Run Health Checks Using VMware Tool
Download the latest tools from the Broadcom portal:
- vSphere Diagnostic Utility
- lsdoctor
- vCert 6.x

Run each tool to get a baseline health snapshot.
vSphere Diagnostic Utility
This will flag any certificate‑related warnings early.
vCert 6.x
In my case, vCert immediately detected an expired SSL CSR

A good catch before attempting replacement.


A good catch again before attempting replacement show SSL expired.

Exit from the vCert tool

Generate a CSR from the vCenter UI
Navigate to:
vCenter → Administration → Certificate Management → Machine Certificates → Generate CSR

Provide these details to the vSphere certificate manager
- Country: Two-letter country code
- Name: FQDN of the vCSA
- Organization: Your organization name
- Organizational Unit: Name of your unit/department
- State: State
- Locality: City
- IPAddress(optional): vCSA IP address
- Email: your email address
- Hostname: FQDN of your vCSA
- Subject Alternative Name – leave it blank.

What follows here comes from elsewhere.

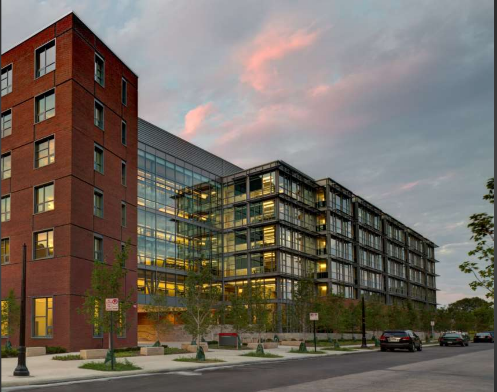
Residence on 10 th | Acock Associates Architects

Click Copy, Download, then Finish.

The certificate request (.CSR) is generated and this now needs to be signed by our external CA

Rename the CSR for clarity — for example: vCenter-unsigned.csr

Submit the CSR to Microsoft Certificate Authority
Open your Microsoft CA Web Enrollment page: http:///ca/certsrv

Choose Advanced Certificate Request → Submit a certificate request

Paste the CSR into the request box,

Select Base 64 encoded, and download the issued certificate

Now that we have downloaded the base 64 encoded certificate save it to a folder

Rename it for clarity, e.g.: vCenter01.ad-signed.cer

Download the Root (and Sub) CA Certificate
Now that we have downloaded the base 64 encoded certificate for the vCenter, we also need the CA certificate and we can download this from the Microsoft CA Web Portal homepage. Click Download a CA certificate

Choose Base 64, download CA certificate

That’s the root CA. If your CA chain includes sub‑CAs, you can extract them from the certificate’s Certification Path tab

And rename it: root-sub-ca.cer

Import and Replace the Machine SSL Certificate
Back in vCenter: Administration → Certificate Management → Machine Certificates → Actions → Import and Replace Certificate
Provide:
- Custom machine certificate: your AD‑signed cert – vcenter1-ad-signed.cer
- Root CA certificate: your root/sub‑CA bundle root-sub-ca.cer

Choose replace with external CA certificate (CSR generated from vCenter

On the Replace vCenter Server Certificate screen, select the Replace with external CA certificate where CSR is generated from the vCenter Server option

Upload the vCenter Machine AD signed SSL Certificate in the top box and the root CA cert in bottom box. If there are sub CA’s you can just copy the cert by opening the root CA file we downloaded and going to the certification path which will list the root and sub ca

Click Next to continue

Continue replacing Machine SSL cert using custom cert

The replacement process takes a few minutes while services restart.

Machine SSL has been replaced

Login back into the UI to do a health check


Post‑Replacement Health Check
Log back into the vCenter UI and re‑run:
- vCert
- lsdoctor
- vSphere Diagnostic Utility

In my case, one issue popped up — a vSAN health service warning.

A simple service restart resolved it

Re‑run all tools to confirm a clean bill of health

Do one more check from the vSphere diagnostic tool

Certs are now replaced

Add the Root CA to Client Trusted Store
Finally, ensure to add your Root CA certificate to a trusted root store in MMC or via Group Policy to let your browser know it’s a safe CA when your client machines access the vCenter URL.